When iPhones hit the market, the same marketing strategy that had rescued Mac sales propelled the glossy fondle-inspiring bodies into the pockets of millions of consumers. As other vendors cloned the innovation, the consumer's choice of handset was driving corporate technology strategies to be rewritten. Companies today are still coming to terms with this "consumerisation of IT" and its BYOD fallout, while BlackBerry nurses the wounds from its tumble.
In January, about five years too late, BlackBerry came out swinging. The launch of its new BlackBerry 10 ecosystem was accompanied by its first touchscreen phone, the Z10, and a separate handset, the Q10, with a tactile QWERTY keyboard. In the product range, it appeared that BlackBerry, like a film studio contemplating a sequel to a classic blockbuster, could not figure out what its public wanted. A touchscreen might not fit its brand, after the company had built its success on the roller-ball/QWERTY interface. On the other hand, everyone else was doing it. So it decided to do both.

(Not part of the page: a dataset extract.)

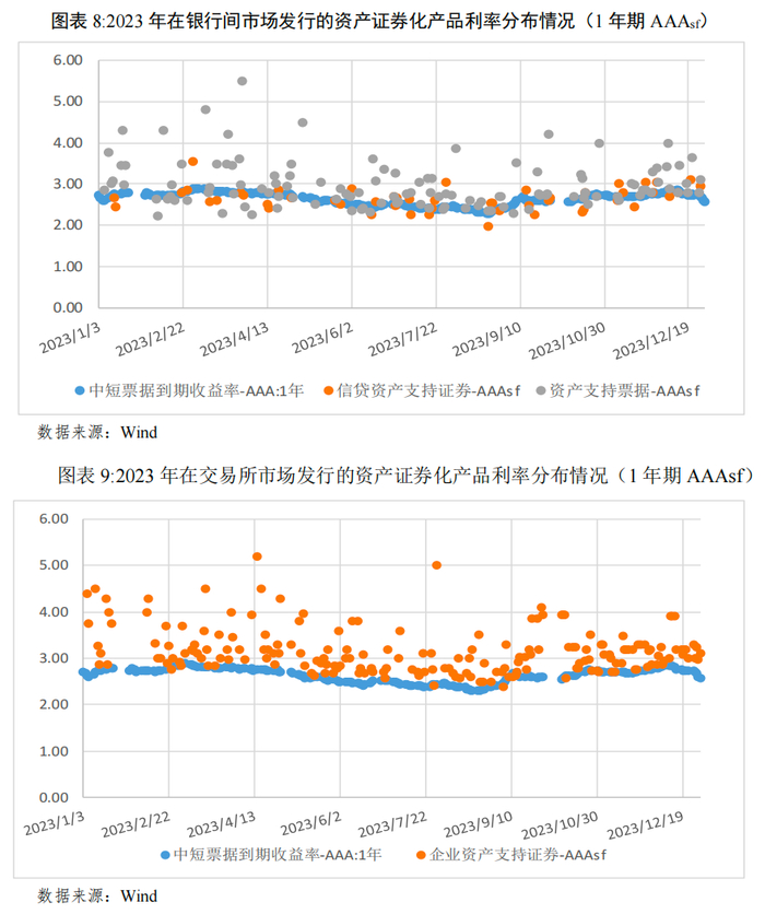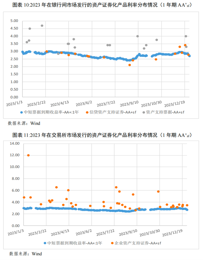 2023年发行的资产证券化产品中,信用级别为AAAsf级,且期限在1年之内的优先档的利率主要分布在2.00%至4.00%之间。相对债券而言,因资产证券化产品流动性偏弱,故大部分资产证券化产品的利率都高于同信用级别、相似期限的中短期票据到期收益率。

The Z10 was poorly received by the market, sales petering out after the first few months. In response, BlackBerry announced it was going to monetise its platform as never before, releasing its popular Messenger service for other operating systems. The release was not smooth. The initial launch had to be aborted because of undisclosed technical issues. However, when the launch finally occurred in late October, BlackBerry registered 10m downloads in the first 24 hours.
But even as buyers were sought this year, in the midst of staff downsizing and the pursuit of Waterloo property sales, no company appeared to be interested in BlackBerry as a whole. Once Fairfax tabled its bid, several others were approached to counter the offer, but most were thought to be mainly interested in networking technology and patents, particularly those for the keyboard and network encryption.
Chen has announced his intentions to keep the devices unit running as the former industry heavyweight limps on, its future in doubt. The new CEO will have some new funds to draw on as BlackBerry has opted for raising $1bn by selling convertible debt notes. Fairfax bought up $250m worth and another $200m reportedly came from Qatar's sovereign wealth fund Qatar Holding.